One of the details I wanted to get right was having the correct bolts with the proper markings on the heads and the correct finish (not like a lot of restored cars I see with new bolts and grade markings on the heads). My parts book shows about 98% of the bolts, washers and nuts have a cadmium finish, so that's what I was looking to achieve. Since I had another ’37 Olds that I made into a street rod, and had access to two other ’37 Olds in local junkyards, I was able to get every bolt I needed, with the correct markings, and rust-free.
I thought about sending all the bolts, nuts, washers, springs and brackets out to get them cadmium-plated, but I had heard horror stories about other people sending small amounts of bolts to large companies that end up losing them. Since I worked very hard and spent lots of hours gathering all the correct bolts and other items, I didn't want to chance losing them.

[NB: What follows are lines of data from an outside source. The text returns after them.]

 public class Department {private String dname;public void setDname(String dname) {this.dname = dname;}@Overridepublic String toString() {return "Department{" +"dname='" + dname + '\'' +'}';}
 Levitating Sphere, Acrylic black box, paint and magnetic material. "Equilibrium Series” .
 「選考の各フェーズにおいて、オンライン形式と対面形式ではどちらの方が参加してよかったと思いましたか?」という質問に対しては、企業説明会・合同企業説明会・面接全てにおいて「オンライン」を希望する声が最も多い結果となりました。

I've seen the Eastwood Tin-Zinc Electroplating System in their catalog for many years but didn't think it was the finish I was looking for. I asked some of my friends who restore cars if they had ever bought the kit and tried it but they hadn't. So the bolts laid around for a few years while I was getting the frame and body ready (I don't work real fast).
Finally I thought I would buy their electroplating system and give it a try. I wore the rubber gloves supplied in the kit so no oils from my fingers would get on the items. I also wore the eye protection supplied in the kit since I would be working with electrolyte, and I wanted to be able to actually see the car with both eyes when it was finished!

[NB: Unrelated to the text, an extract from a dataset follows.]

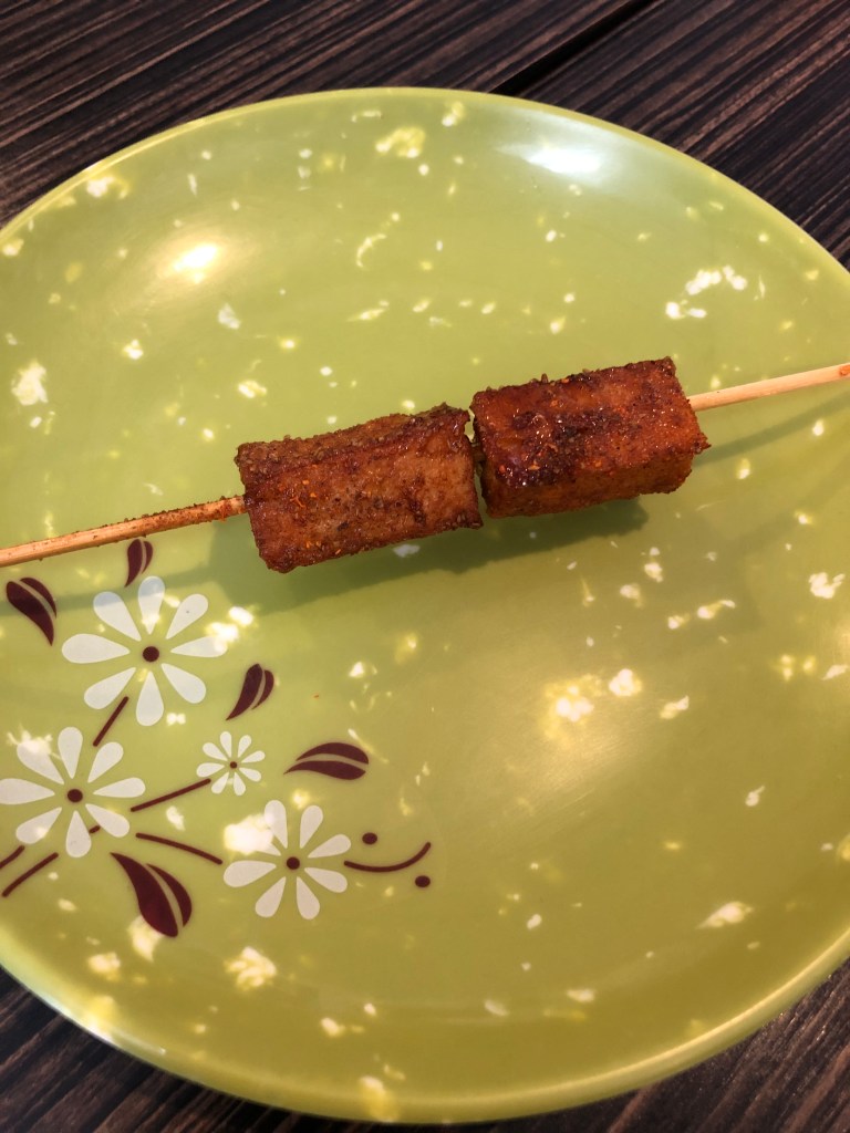 Our tour started at Jiu Thai Asian Cafe. They serve northern-style Chinese cuisine including their hand crafted biang biang noodles. Along with the noodles, we had dumplings and skewers of lamb and fish tofu. We were concerned when we saw the chili pepper flakes in the noodles, but they were not too spicy when paired with the other food. The dumplings were our favorite, but we did not have anything we wouldn’t try again. The most unique thing was the fish tofu. It was not tofu, it was made from fish but had a soft texture like tofu. Not bad, but interesting and definitely different.

I glass-beaded a few bolts and cleaned them. The first bolts were a disaster. They were crusty and looked terrible. I found out it was just a matter of trial and error until I was able to get what I thought looked like the original cadmium finish. I ended up coating 1 or 2 small bolts at a time for about 4-5 minutes. Larger bolts or other items may take more time, depending on their size. Again, it's trail and error, outside temperature (works better in warm weather), keeping charged batteries (takes longer when the batteries get discharged), and making sure the items to be plated are cleaned properly.
One way I could tell when the batteries were getting discharged was when I placed the item in the electrolyte to be plated. If the electrolyte didn't start to bubble right away, I knew the batteries needed to be replaced. I kept lots of new batteries on hand because the plating goes a lot quicker with fully charged ones. I didn't count, but I probably coated between 100 to 150 items and only used about 8 "D" batteries.

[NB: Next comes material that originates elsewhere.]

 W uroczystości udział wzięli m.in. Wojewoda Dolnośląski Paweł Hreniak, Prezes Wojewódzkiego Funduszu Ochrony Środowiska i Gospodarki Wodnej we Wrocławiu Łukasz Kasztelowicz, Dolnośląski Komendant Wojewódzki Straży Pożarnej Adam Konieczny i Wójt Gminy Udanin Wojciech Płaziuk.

This coating system isn't just for bolts; anything that is brass, copper or steel will coat well. I used it for bolts, nuts, washers, springs, brackets, grease fittings and front wheel dust covers. This kit is not recommended for stainless, chrome, aluminum or pot metal. This plating system isn't designed to fill rust pits. The smoother the finish is before it's plated, the nicer it is after it's done.
The Autosol polish in the kit works great. It takes very little polish and not much rubbing to get a nice finish. For some of the items I first took a fine brass wire wheel and very lightly removed the gray finish that was on the piece after plating. Then I used the polish supplied in the kit.
A friend of mine who restored his 1937 Oldsmobile used Eastwood's Metal Blackening Kit for all his bolts. When he saw how nice my bolts and other items turned out, he bought one of their electroplating kits and is in the process of redoing all his bolts.
I would recommend Eastwood's Tin-Zinc Electroplating System to anyone who wants to have a finish that looks, in my opinion, as close to cadmium as you can get...and you don't have to worry about sending all your items out and taking a chance on them getting lost. Final note: make sure you work in a well-ventilated area.